There’s no such rhetoric from the Swiss side of the newly strengthening European fences - the Swiss are quietly comfortable outside of the European Union and on the whole - and in the most neutral way possible - happy to see another major player in the global financial system jointing their ranks.
Instead, the most interesting noises that have been issuing from Switzerland have been deadpan analyses in the manner of that from UBS above.
“The UK’s vote to leave the EU further underpins gold’s macro narrative, reinforcing the themes of further dovish shifts in monetary policies, consequently lower yields, and heightened uncertainty,” adds UBS.
“We continue to expect US real rates to fall from here and ultimately for equilibrium real rates to settle lower and have limited upside. These factors justify strategic gold allocations across different types of investors and we expect this trend to continue.”
Meanwhile, over at Credit Suisse they’re starting to move on from Brexit, at least in terms of assessing the outlook for the metals and mining sector.
Gold still gets the headline billing following the Brexit result, but Credit Suisse almost seems embarrassed as to how straightforward a call that is.
“In our view, gold is the easy-to-see winner in the near term given last week's Brexit vote which has clearly heightened political and economic uncertainty,” said Credit Suisse analysts in a note released on 6 July.
More interesting are the calls on iron ore, coal and zinc.
Iron ore is a market which is likely to remain depressed according to the Credit Suisse number crunchers, but which could be at least “relatively balanced” in 2016 and early 2017, allowing for some short-term easing of the pressure.
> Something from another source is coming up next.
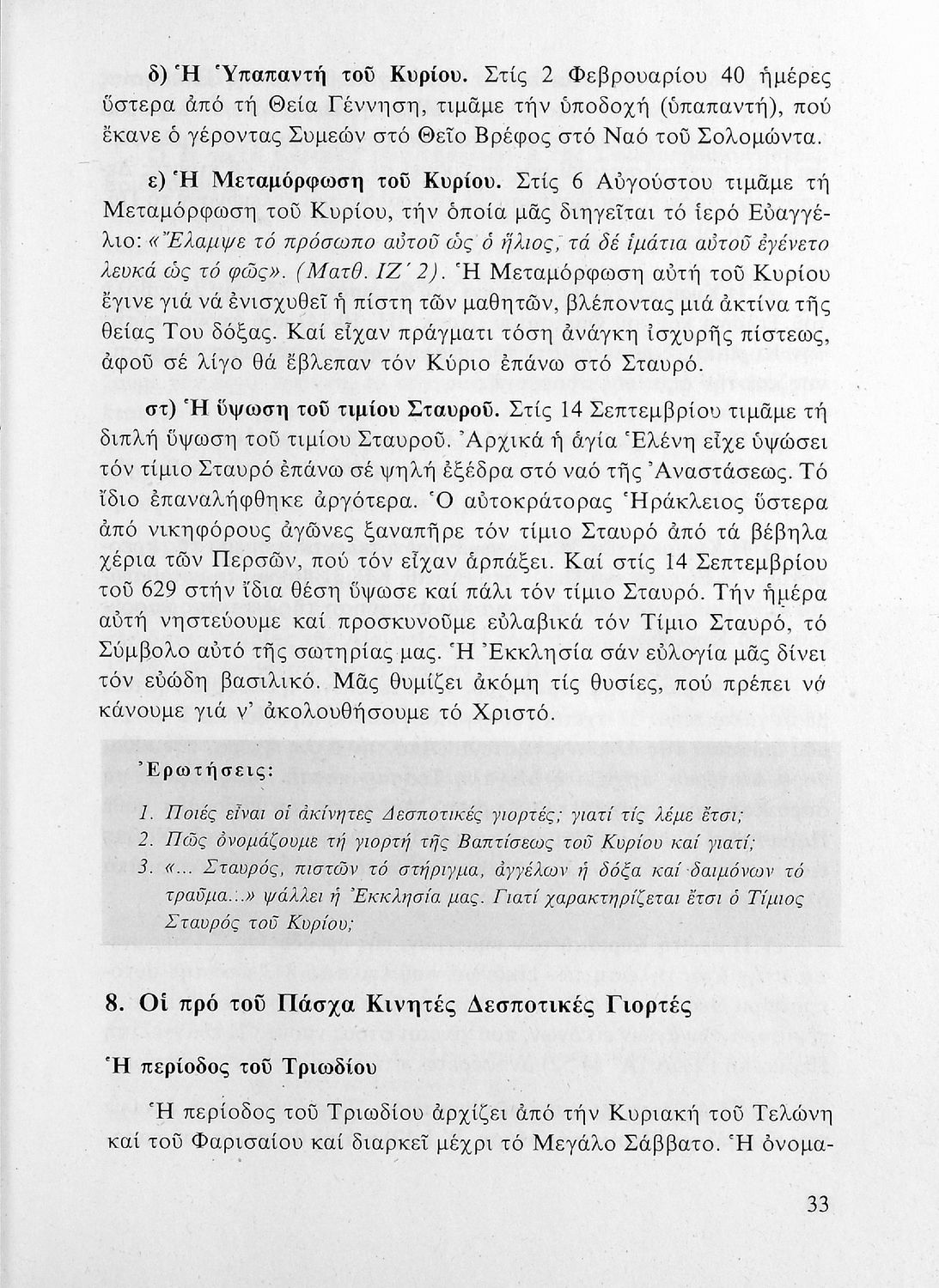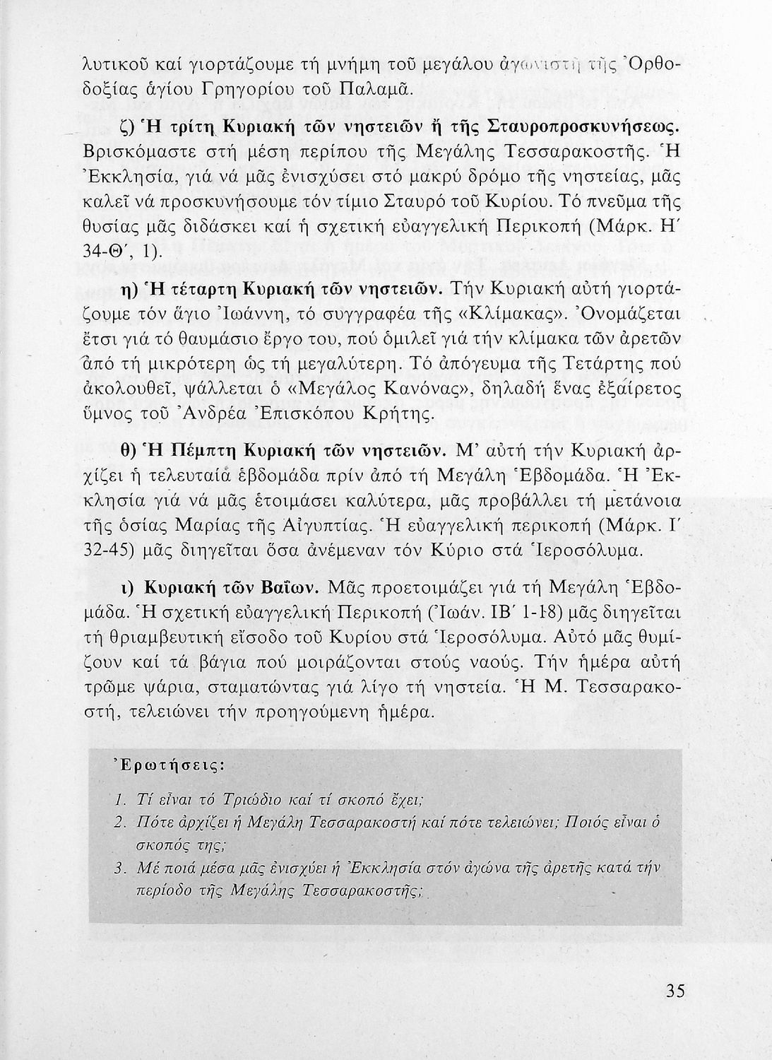 Λειτουργική και Κατήχηση για την ΣΤ΄ τάξη του Δημοτικού Σχολείου

Be that as it may, it’s noticeable that of a list of top picks in the mining sector produced by Credit Suisse, none has significant iron ore exposure, and the only one with any tangible and immediate connection to the iron and steel business is Coal India (NSE:COALINDIA).
In base metals, Credit Suisse backs old stalwarts Lundin (TSE:LUN) and Boliden (TSE:BLS) on the basis that there will likely be a “major supply crunch” in zinc.
On the whole though, gold remains the space to be in, according to the Swiss. Agnico Eagle (TSE:AEM), Eldorado Gold (TSE:EGO), Detour Gold (TSE:DGC), Acacia Mining (LON:ACA), Zijin Mining (HK:2899) all make it onto the Credit Suisse “Global Top Picks”.
But what of the reset of the London contingent, outside of Acacia, which Credit Suisse argues is due for double digit margin increases this year?
The answer is that Brexit has already locked in huge gains and sterling weakness adds a layer of uncertainty that’s not a current risk in any of the other major mining markets.
After all, spare a thought for those poor down-at-heel chaps at Goldman Sachs. Goldman rated Fresnillo (LON:FRES) a “sell” at 1,194p as recently as 15 June. The price is now well over 1,900p, blowing Goldman’s call well out of the water for the foreseeable future.
That’s a performance that’s been mirrored by Randgold in London, up by more than 30% in sterling terms to 9,730p at the last count.
But it’s not all about sterling. Closer to home, Goldman also called Gold Fields (JSE:GFI) a sell at R63.8, setting a R50 price target. Today’s price is R80.
Let’s hope the Swiss can do a little bit better than that.